| WHAT YOU NEED TO DO |
Retype all of the listing exactly, with no pictures.

| STORED DATA |
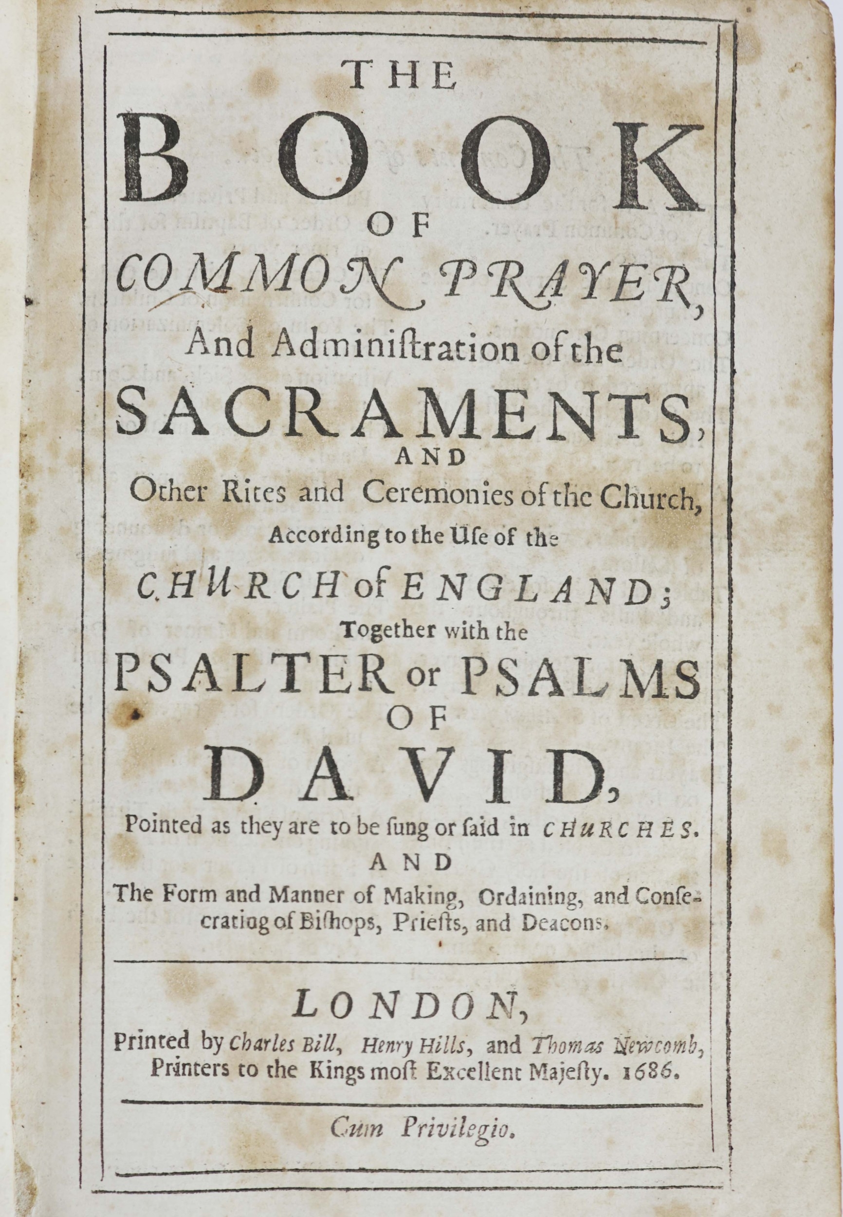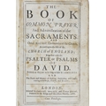 17th CENTURY BOOK OF COMMON PRAYER WITH CONTEMPORARY ANNOTATIONS. The Book of Common Prayer. London: Printed by Charles Bill, Henry Hills, and Thomas Newcomb, Printers to the King most Excellent Majesty, 1686. Bound in brown morocco with raised bands and border tooling. Gilt edges, mostly faded. Marbled endpapers. Front cover loose, rear cover and several rear leaves detatched.
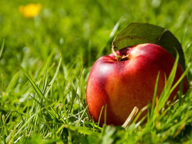 Обои Большой красный нектарин в зеленой траве
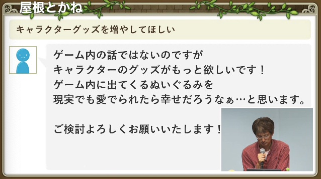 個人的にもグッズほしい。(DQXのキャラやモンスターは)人気だって数字も見ている。実は色んなところでグッズを出そうって企画は常にしている。今は言えないがお楽しみに。

| YOUR RESPONSE |
 17th CENTURY BOOK OF COMMON PRAYER WITH CONTEMPORARY ANNOTATIONS. The Book of Common Prayer. London: Printed by Charles Bill, Henry Hills, and Thomas Newcomb, Printers to the King most Excellent Majesty, 1686. Bound in brown morocco with raised bands and border tooling. Gilt edges, mostly faded. Marbled endpapers. Front cover loose, rear cover and several rear leaves detatched.
 Обои Большой красный нектарин в зеленой траве
 個人的にもグッズほしい。(DQXのキャラやモンスターは)人気だって数字も見ている。実は色んなところでグッズを出そうって企画は常にしている。今は言えないがお楽しみに。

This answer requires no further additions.